Jessica Perry//May 11, 2020
New Jersey’s Economic Development Authority has more than $41 million in state aid at various stages of deployment, funds meant as a lifeline to businesses struggling to generate revenue with the restrictions imposed to halt the spread of COVID-19. The amount could total about $100 million depending on what kinds of federal and philanthropic dollars come through to the state.
The first program, the EDA’s Small Business Emergency Grant Assistance Program, clocks in at $5 million. Just over an hour after applications went live in April, the program ran out of money. To date, the agency has paid out just over $3 million in grants to 892 businesses – out of the 942 employers that had been approved for a combined $3.2 million in grants.
All the grants awarded were between $1,000 and $5,000. They were paid to businesses such as liquor stores, cafes, car washes, salons, funeral homes, motels, clothing stores, gyms, dry-cleaners, delis, and sit-in restaurants.
“A recovery cannot start until adequate amounts of working capital are identified and made available,” Tom Bracken, president of the New Jersey Chamber of Commerce, said in a May 5 statement.
The EDA’s $10 million loan program ran out of funds about 30 minutes after applications opened in mid-April. More than 3,500 applicants are seeking a combined $250 million from the pot of money, according to EDA spokesperson Jake McNichol.
“We are in the process of reviewing and analyzing loan applications in order to distribute funds as quickly as possible,” he said in a statement to NJBIZ. “Due to the nature of the Loan Program, the review is more complex and will take longer to complete than for the Grant Program.”

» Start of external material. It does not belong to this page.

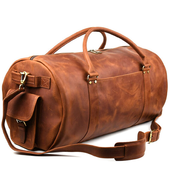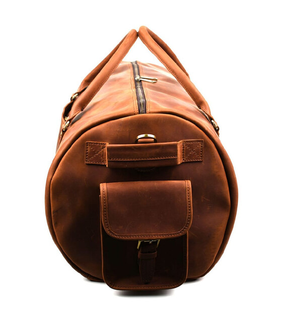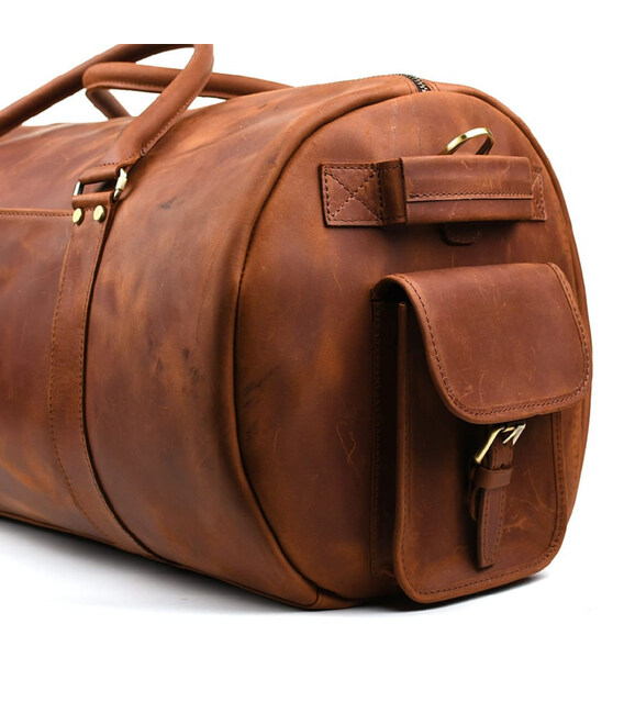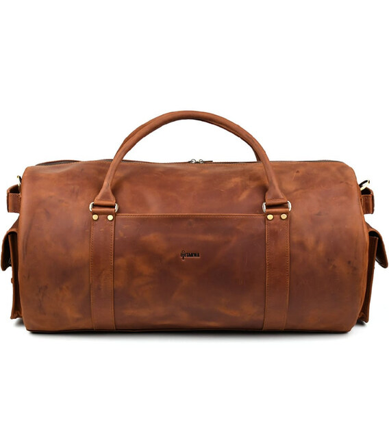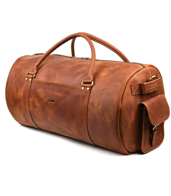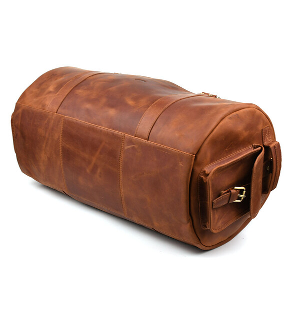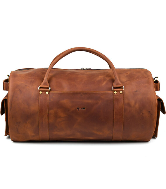 Незамінний дорожній аксесуар - сумка у вигляді барила з натуральної шкіри шкіри рослинного дублення з бічними, фронтальними і тильними кишенями. Дорожня сумка баул із натуральної шкіри. Дорожня сумка баул із натуральної шкіри RB-6564-4lx TARWA коньячна

The EDA, according to McNichol, needs to examine the applications in order to gauge whether businesses have the means to pay back the loans.
Those loans are capped at $100,000 a year for New Jersey businesses with up to $5 million in annual revenue. The repayment lasts 10 years, five of which are interest-free and the remainder of which entail rates capped at 3 percent. Payments can be deferred for the first 12 months.
Nonetheless, that “delay,” according to Assemblyman Brian Bergen, R-25th District, was a particular concern at a time when employers were already cash-strapped.
“Businesses aren’t going to be able to take advantage of them,” Bergen said at a remotely held Assembly Appropriations Committee hearing on May 4.
Still, Assemblyman John Burzichelli, D-3rd District, who chairs that committee, defended how the EDA has been handling the aid programs. “The amount of applications they received in both of those programs was simply huge,” he said.
“It’s not as if an effort isn’t being made, but if you consider the demand being made against the normal infrastructure … it’s not balanced because you can’t possibly be prepared for what we’re undertaking here.”
In mid-April, the Casino Reinvestment Development Authority approved a $2 million grant program which in coordination with the EDA will be awarded to Atlantic County and Atlantic City businesses. As of May 4, 274 small businesses had received a combined $899,000 out of the $1 million approved thus far for 316 applicants in and around the seaside resort town.
On April 17, the EDA announced that it picked six community lenders, known as community development financial institutions, that will contribute a combined $20 million to $30 million to struggling businesses, under a program known as the “CDFI Emergency Loan Loss Reserve Fund.” The agency will set aside $10 million to provide guarantees of up to 50 percent of the loan amount so that the banks are guaranteed at least half that amount if the recipients default.
The EDA picked New Jersey Community Capital, Regional Business Assistance Corporate, Cooperative Business Assistance Corp., UCEDC, the First Bergen Federal Credit Union and Greater Newark Enterprise Corp. to take part in the loan program.
Another form of state aid, the CDFI Emergency Assistance Grant Program, provides five grants of $250,000 to these banks so they can scale up operations to help with the flood of demand from business owners. Only the First Bergen Federal Credit Union was not chosen to receive one of the grants.
Elsewhere, on April 24, global investment giant Goldman Sachs and lender Pursuit said they were making $10 million available to small businesses. The funds will be disbursed as loans through the Paycheck Protection Program, a federal COVID-19 relief effort that totals more than $600 billion. The loans are forgiven if the recipients use the money to keep workers on the payroll for eight weeks.
As of May 4, there were 314 applications for loans, of which $7.2 million was approved or awarded to 116 businesses, according to Laura Kozien, Pursuit’s marketing director.